Exercise
Reproduce all the lines below exactly and omit the images.

Input data
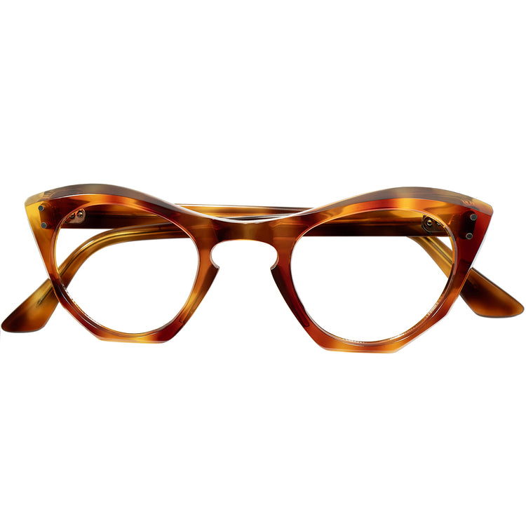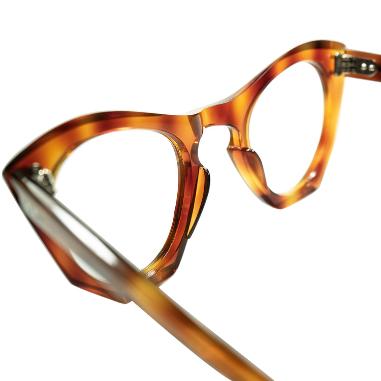 美しい流線形の眉ラインに奥行きをつけたカッティングや、フレームのボトム部分を角角しい形状に仕上げたりと、
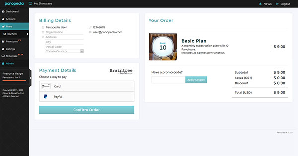 To purchase a subscription plan, log in and navigate to Plans, or https://www.sandbox.panopedia.com/account/plans.
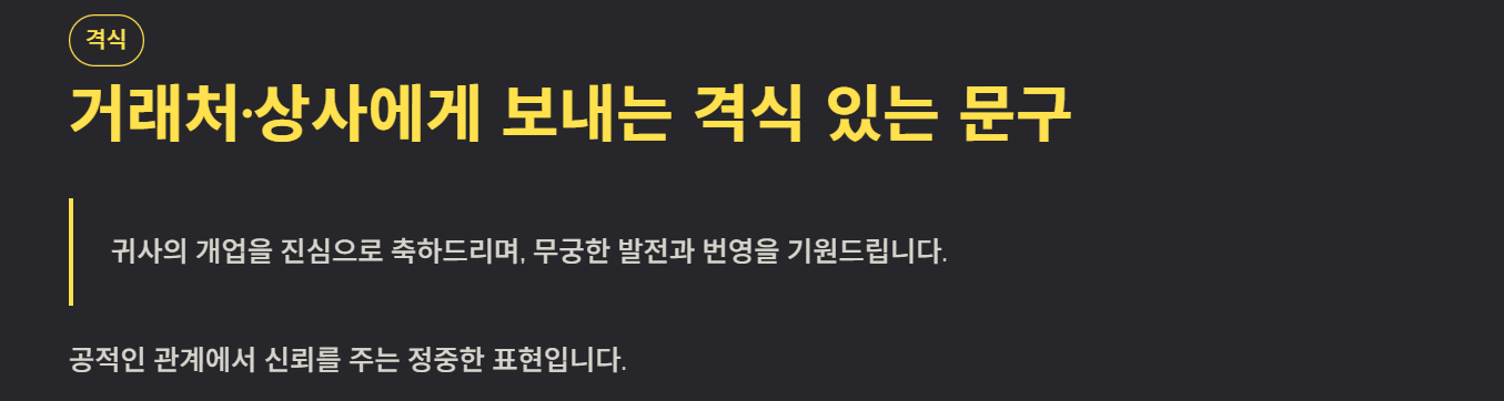 “귀사의 개업을 진심으로 축하드리며, 무궁한 발전과 번영을 기원드립니다.”

Response to the exercise
 美しい流線形の眉ラインに奥行きをつけたカッティングや、フレームのボトム部分を角角しい形状に仕上げたりと、
 To purchase a subscription plan, log in and navigate to Plans, or https://www.sandbox.panopedia.com/account/plans.
 “귀사의 개업을 진심으로 축하드리며, 무궁한 발전과 번영을 기원드립니다.”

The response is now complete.